By default, if a file named <rmir_filename> already exists, it will not be overwritten. To force the <rmir_filename> to be overwritten, use the -f or --force argument. For example, riva-build <pipeline> -f ...

For details about the parameters that you can pass to riva-build to customize the Riva pipeline, refer to the Pipeline Configuration section.

Riva Deploy#

The riva-deploy tool takes an RMIR file and a target model repository directory as input. It performs the following functions:

Model Optimization: Optimize the frozen checkpoints for inference on the target GPU.

Configuration Generation: Generate configuration files for backend components, including ensembles of models.
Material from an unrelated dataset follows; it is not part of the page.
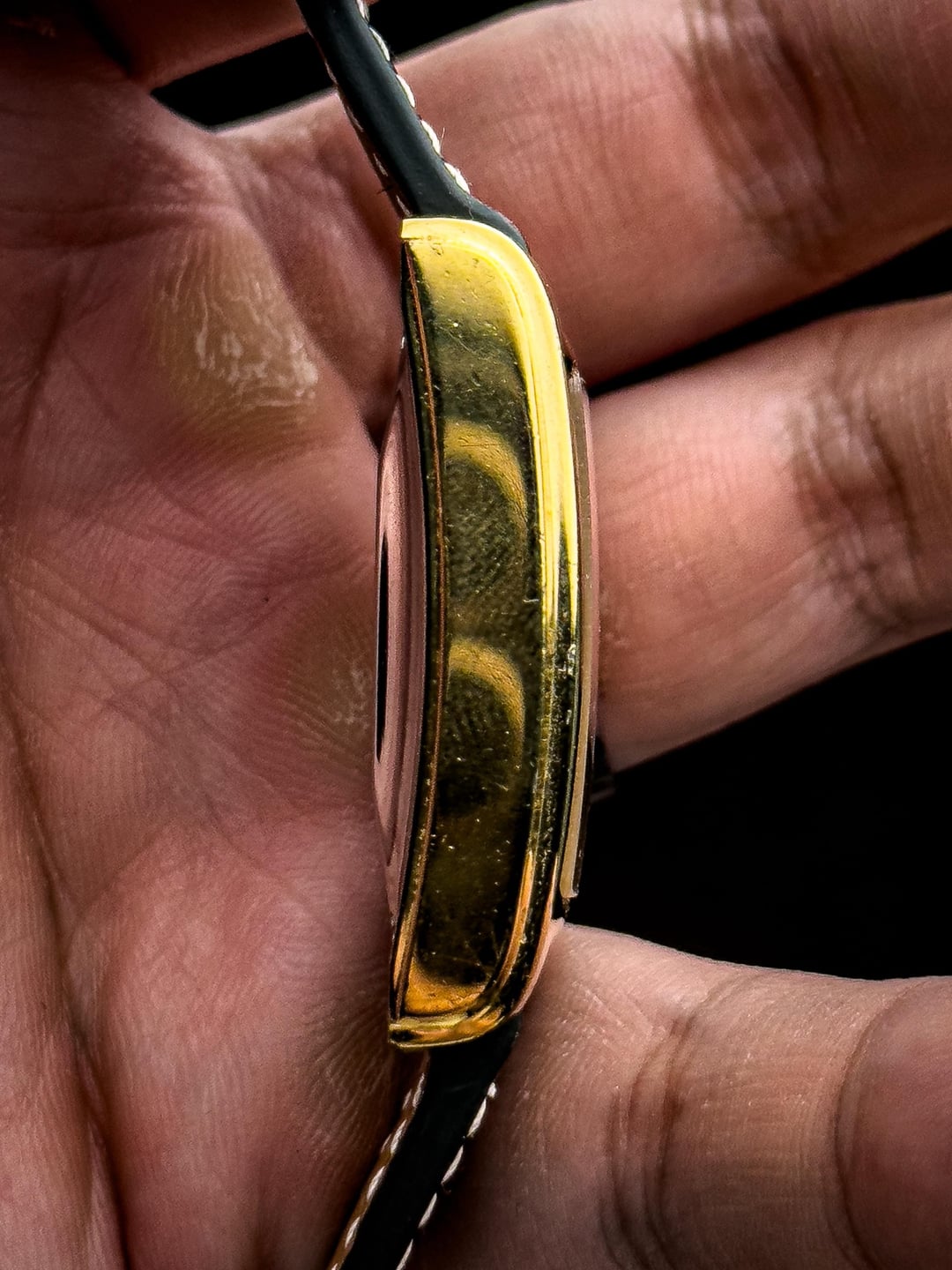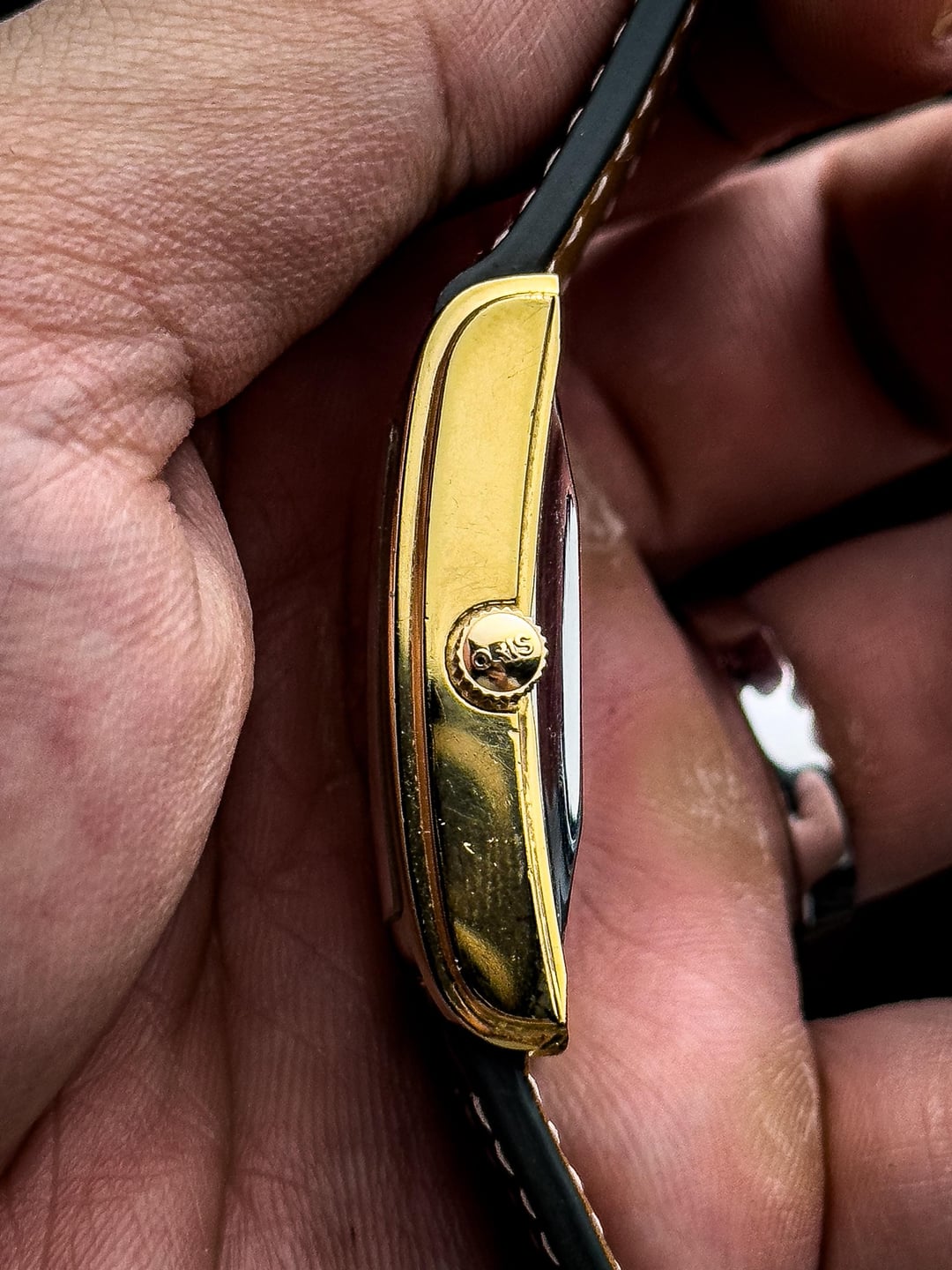 Up for sale is the 1990s Oris 7460B Moonphase Tank in good serviced condition. Images: https://drive.google.com/drive/folders/17uT8zZZdgIs6mEEvHkkwcgXfjHFUbr_c Video: https://drive.google.com/file/d/1rHH8_1bz6RoRFNdi39f8UxrFoSjpVQaE/view?usp=drivesdk Timestamp: https://drive.google.com/file/d/1FL0NJJzNZwUhhXEKQ1FSyI7ucWgRIcUX/view?usp=drivesdk The Oris 7460B Moonphase is a refined vintage timepiece from the 1990s that perfectly captures the charm and ingenuity of Oris during its creative peak. Known for their distinctive complications and classic styling, this model stands out with its rare moonphase and pointer date display housed in a compact, rectangular case — a delightful departure from the usual round designs of the era. The watch features a 26mm Gold plated case with a 38mm lug-to-lug length, offering just the right wrist presence while maintaining a distinctly elegant profile. Its polished surfaces and soft rectangular lines give it a graceful, vintage tank aesthetic, ideal for those who appreciate subtle sophistication. The champagne guilloché dial is a highlight — beautifully textured, it plays with light to reveal depth and warmth. Gold-tone applied markers and dauphine hands complement the dial perfectly, while the pointer date and moon phase complications add a romantic and functional touch. Together, they showcase the unique personality and mechanical creativity that Oris has long been known for. This example remains in good condition for its age, showing scratches here and there which is fitting for its age. The dial is clean and crisp, the crystal is clear and free of scratches. It has been recently serviced and is keeping great time at +/-10s with amplitude of ~290. The watch comes fitted on the custom leather straps with yellow gold buckle. Although it doesn’t come with original box and papers, a standard watch box will be provided upon purchase. Price: $1350 + $60 flat shipping fee (via UPS/DHL with tariffs and duty fee covered). Payment via PayPal F&F or G&S (+4.6% fee paid by the buyer), Wise or Revolut. Not accepting trades. Feel free to message me with any questions or if you're interested. Have a great day! Check out my other watches on Instagram: @jasonswatchcorner
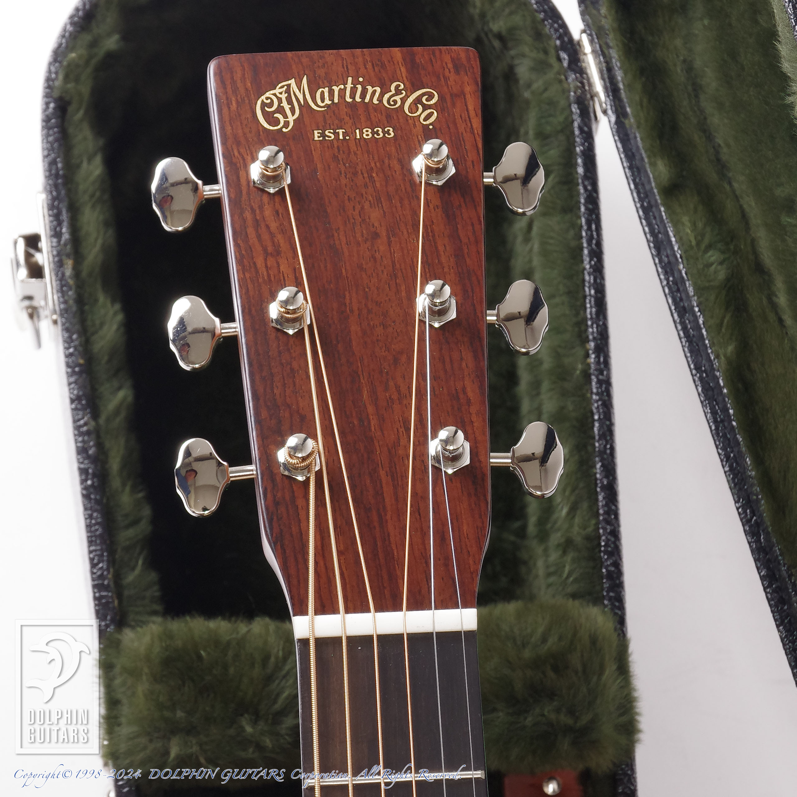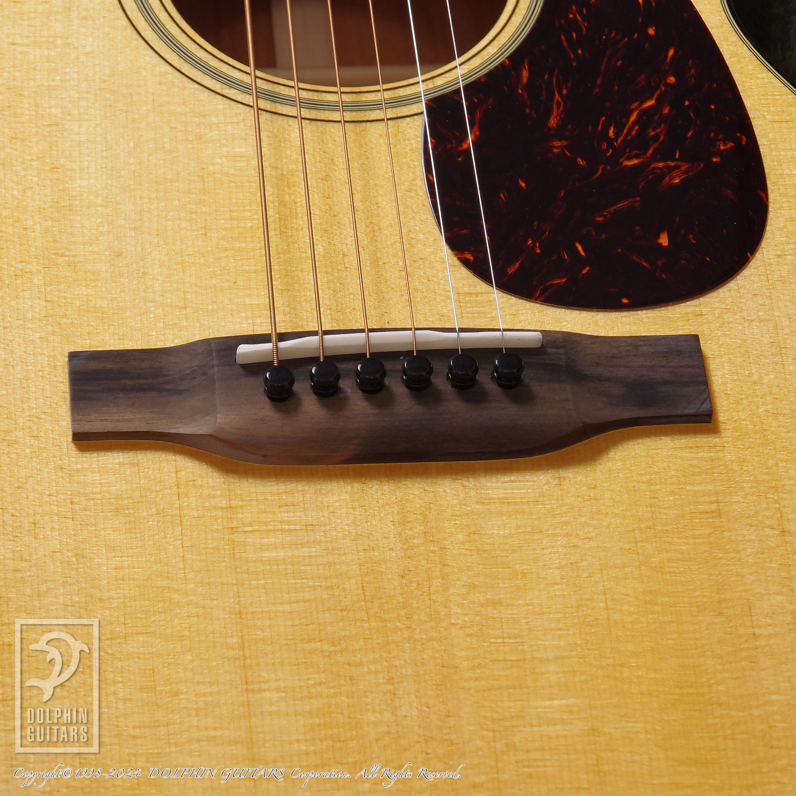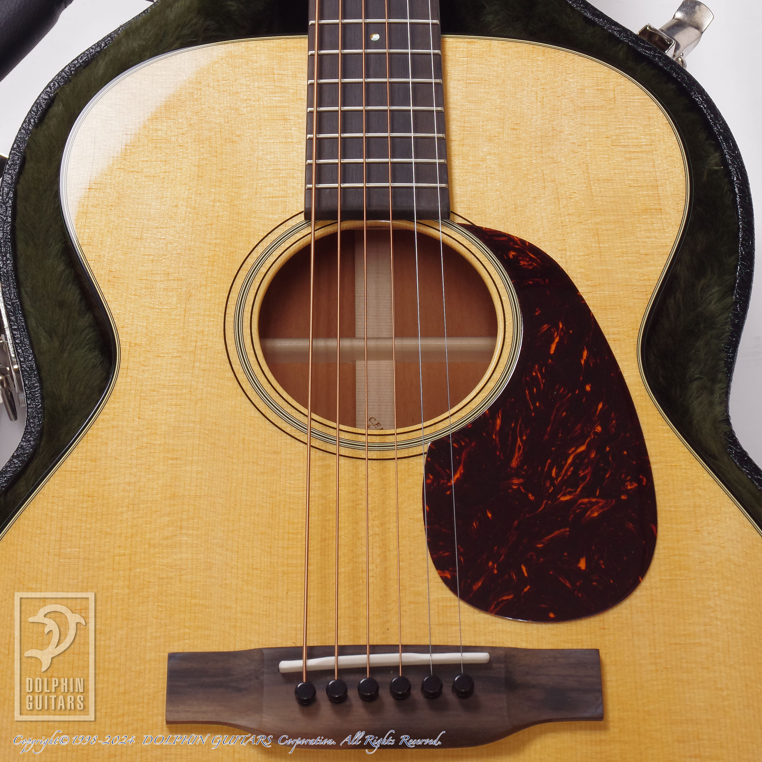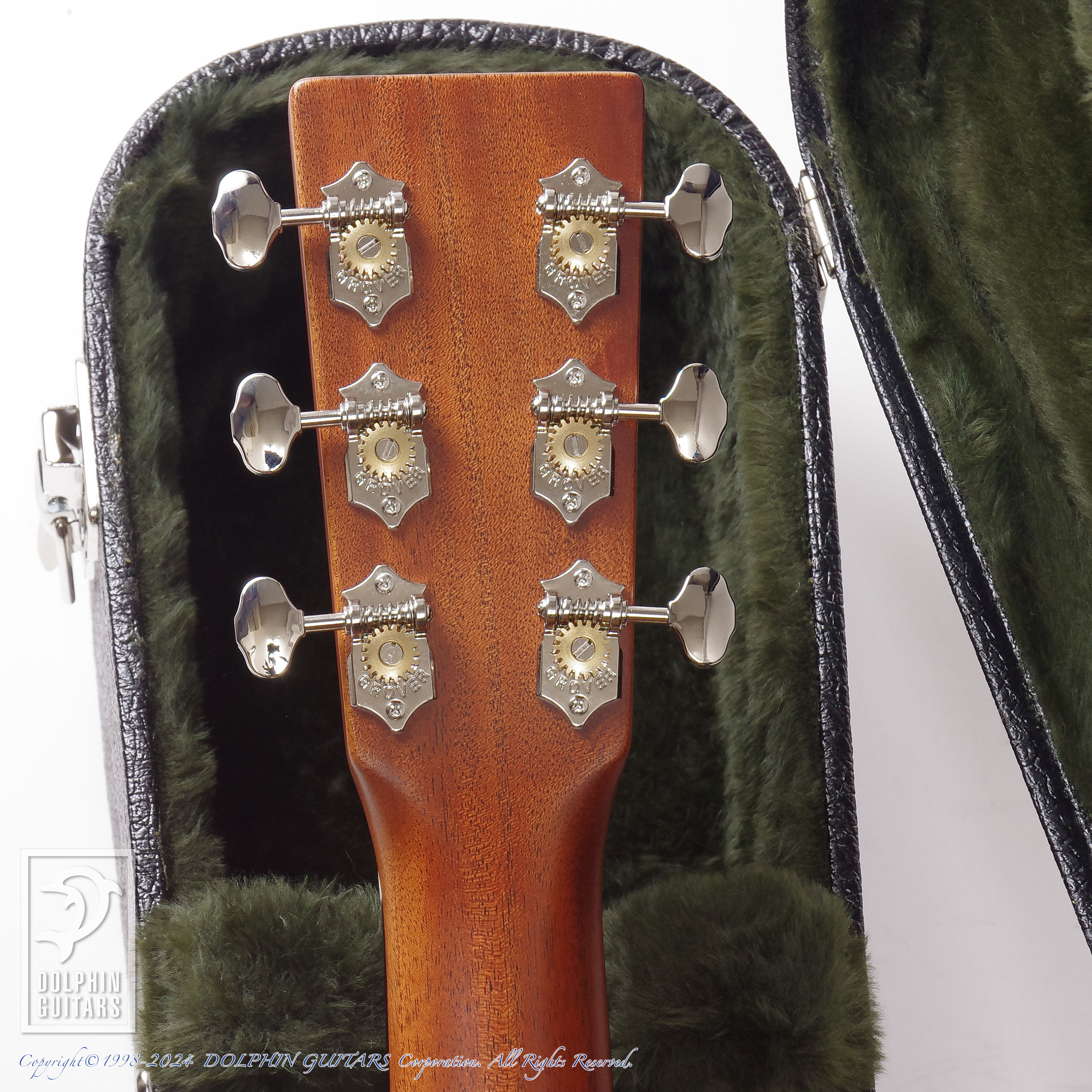 ナット幅は以前42.9mmでしたが現在は44.5mmとなり、ネックシェイプは薄手のロープロファイル、スキャロップドブレイスなどなど、より現代的な仕様となった箇所や、エボニー指板&ブリッジ、デカールロゴなどのヴィンテージスタイルも盛り込まれ、往年のマーティンファンも納得の完成度と言えるでしょう。

Generate the Riva model repository from the Riva .rmir file with the following command:

riva-deploy <rmir_filename>:<encryption_key> /data/models

This command must be triggered for all the RMIR files.

By default, if the destination folder (for example, /data/models/ in the above example) already exists, it will not be overwritten. To force the destination folder to be overwritten, use the -f or --force parameter. For example, riva-deploy -f ...

The command creates the Riva model repository at /data/models. If you write to any other location, you must make additional manual changes in the embedded artifact directories within the configuration files in some of the model repositories that have model-specific artifacts, such as class labels. Therefore, use /data/models unless you are familiar with Triton Inference Server model repository configurations.

After the Riva model repository is generated, prepare the tar archive.

cd /data/models
tar -czf /model_tar/custom_model.tar.gz *

Close the container.

docker stop riva-build-deploy
docker rm riva-build-deploy

Launch the Custom NIM#

After the Riva model repository tar archive for your custom model is generated, manually start the NIM Docker container using docker run.

# Run the container with the cache directory mounted in the appropriate location:
docker run -it --rm --name=$CONTAINER_ID \
   --runtime=nvidia \
   --gpus '"device=0"' \
   --shm-size=8GB \
   -e NGC_API_KEY \
   -e NIM_TAGS_SELECTOR \
   -e NIM_DISABLE_MODEL_DOWNLOAD=true \
   -e NIM_HTTP_API_PORT=9000 \
   -e NIM_GRPC_API_PORT=50051 \
   -p 9000:9000 \
   -p 50051:50051 \
   -v $NIM_EXPORT_PATH:/opt/nim/export \
   -e NIM_EXPORT_PATH=/opt/nim/export \
   nvcr.io/nim/nvidia/$CONTAINER_ID:latest